Development and validation of clinical criteria to identify familial chylomicronemia syndrome (FCS) in North America

Robert A. Hegele, Western University, 1151 Richmond Street North, London, Ontario N6A 5B7, Canada. Electronic address: hegele@robarts.ca.
Zahid Ahmad, UT Southwestern Medical Center, 5323 Harry Hines Blvd, Dallas, Texas 75390-9063, USA.
Ambika Ashraf, University of Alabama at Birmingham, 1600 7th Ave South, Birmingham, Alabama 35233-1771, USA.
Andrew Baldassarra, Western University, 1151 Richmond Street North, London, Ontario N6A 5B7, Canada.
Alan S. Brown, Advocate Health - MidwestFollow
Alan Chait, University of Washington, 850 Republican St., Mailstop 358062, Seattle, Washington 98109, USA.
Steven D. Freedman, Beth Israel Deaconess Medical Center, 330 Brookline Ave, Suite Rabb Rose 1, Boston, Massachusetts 02215-5400, USA.
Brenda Kohn, New York University, 150 East 32nd St, 2nd Floor, New York, New York 10016, USA.
Michael Miller, Crescenz Veterans Administration Medical Center, Philadelphia, Pennsylvania, USA; University of Pennsylvania, Translational Medicine and Human Genetics, 5th floor Silverstein Pavilion, Hospital of the University of Pennsylvania, 3400 Civic Center Boulevard, Philadelphia, Pennsylvania 19104, USA.
Nivedita Patni, UT Southwestern Medical Center, 5323 Harry Hines Blvd, Dallas, Texas 75390-9063, USA.
Daniel E. Soffer, University of Pennsylvania, Translational Medicine and Human Genetics, 5th floor Silverstein Pavilion, Hospital of the University of Pennsylvania, 3400 Civic Center Boulevard, Philadelphia, Pennsylvania 19104, USA.
Jian Wang, Western University, 1151 Richmond Street North, London, Ontario N6A 5B7, Canada.
Michael S. Broder, PHAR, 324 South Beverly Drive, Suite 350, Beverly Hills, California 90212, USA.
Eunice Chang, PHAR, 324 South Beverly Drive, Suite 350, Beverly Hills, California 90212, USA.
Irina Yermilov, PHAR, 324 South Beverly Drive, Suite 350, Beverly Hills, California 90212, USA.
Cynthia Campos, PHAR, 324 South Beverly Drive, Suite 350, Beverly Hills, California 90212, USA.
Sarah N. Gibbs, PHAR, 324 South Beverly Drive, Suite 350, Beverly Hills, California 90212, USA.

Affiliations

Advocate Lutheran General Hospital

Abstract

Background:Familial chylomicronemia syndrome (FCS) is an ultrarare inherited disorder. Genetic testing is not always feasible or conclusive. European clinicians developed a "FCS score" to differentiate between FCS and multifactorial chylomicronemia syndrome (MCS), a more common condition with overlapping features. A diagnostic score has not been developed for use in the North American context.

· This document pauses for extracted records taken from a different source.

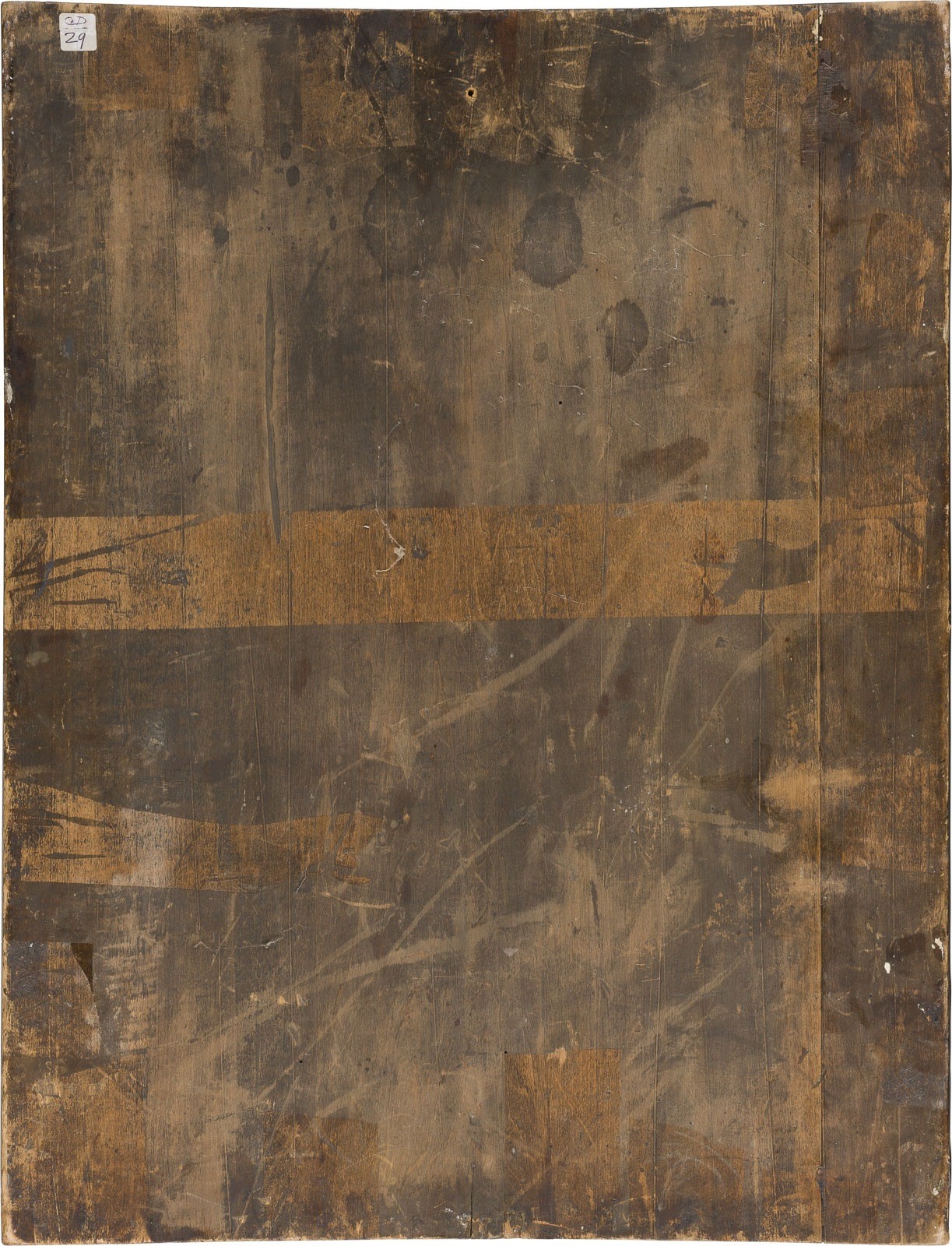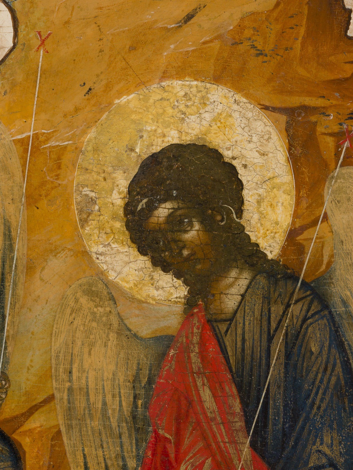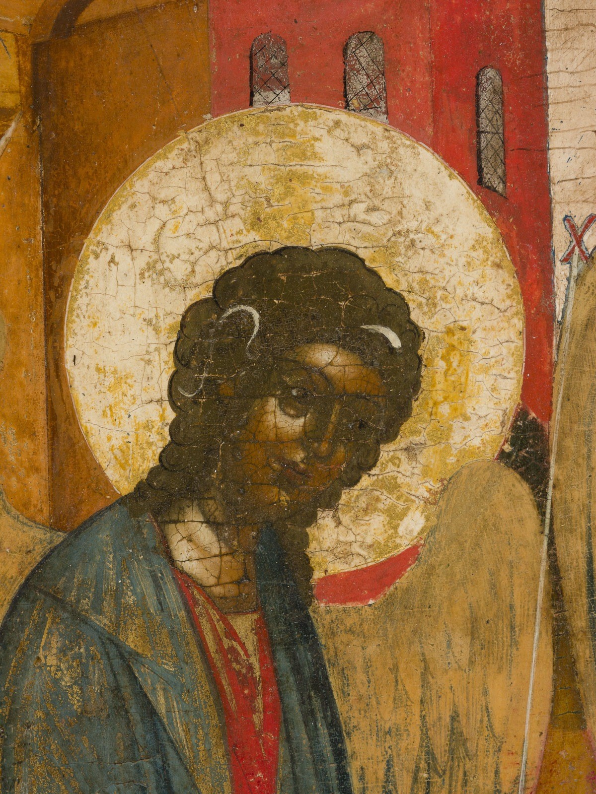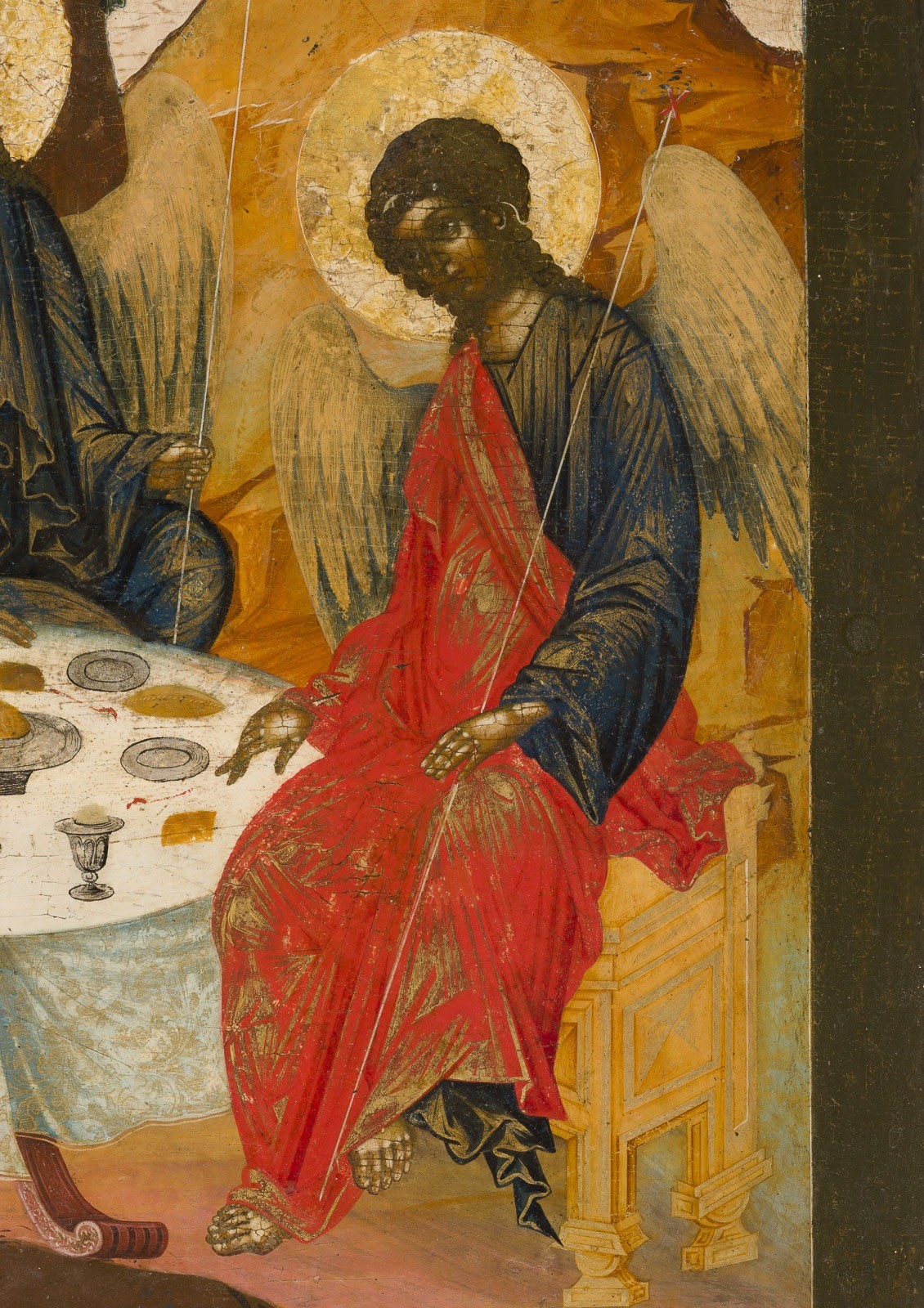 A VERY FINE AND LARGE ICON SHOWING THE OLD TESTAMENT TRINITY Russian, Moscow, circle of the Armoury Chamber, circa 1700 Tempera on wood panel. The haloes made of gold. The figures of the angel bending slightly forward with a diadem on the curly hair. Refined face executed in brown and modelled with the use of red and green shades. The background stripped to the levkas. 54.2 x 42.4 cm.
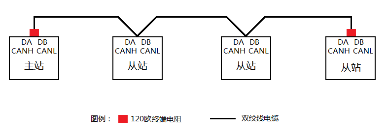 眾所周知,RS485和CAN是一種采用雙絞線(特性阻抗為120歐姆)傳輸?shù)摹?strong>手牽手、無支線、總線兩端必須有終端電阻的一種線性總線結(jié)構(gòu),如圖1-1所示。
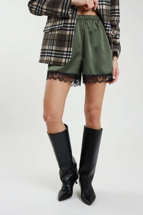 Satin -Shorts mit Spitze auf der Unterseite und der elastischen Taille. 100%pl

Objective:To develop and validate a diagnostic score for North American patients based on signs, symptoms and biochemical traits of FCS.

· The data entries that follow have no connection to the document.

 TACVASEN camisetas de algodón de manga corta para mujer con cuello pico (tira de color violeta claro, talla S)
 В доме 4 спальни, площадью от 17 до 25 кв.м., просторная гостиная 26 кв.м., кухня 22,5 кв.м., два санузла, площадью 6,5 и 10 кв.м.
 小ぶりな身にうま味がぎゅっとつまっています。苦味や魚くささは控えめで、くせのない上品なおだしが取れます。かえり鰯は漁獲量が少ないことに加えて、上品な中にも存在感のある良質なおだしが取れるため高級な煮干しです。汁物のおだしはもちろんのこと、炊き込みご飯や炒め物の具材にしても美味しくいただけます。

Methods:Using the RAND/UCLA modified Delphi process, we convened ten US/Canadian physicians with experience recognizing and treating FCS and one adult patient with FCS. The panel developed and rated 296 scenarios describing patients with FCS. Linear regression analyses used median post-meeting ratings to develop score parameters. We tested the score's sensitivity, specificity, positive predictive value (PPV), and negative predictive value (NPV) in patients with classical FCS, functional FCS, and MCS from Western University's Lipid Genetics Clinic's registry.

Results:Numerical scores were attributed based upon the following: age, hypertriglyceridemia onset, body mass index, history of abdominal pain/pancreatitis, presence of secondary factors, triglyceride (TG) levels, ratio of TG/total cholesterol, and apolipoprotein B level. Scores ≥60 indicate definite classical FCS; the score distinguished patients with FCS from MCS in a real-world registry (100.0 % specificity, 66.7 % sensitivity, 100.0 % PPV, 95.5 % NPV). Scores ≥45 were "very likely" to have classical FCS (96.9 % specificity, 88.9 % sensitivity).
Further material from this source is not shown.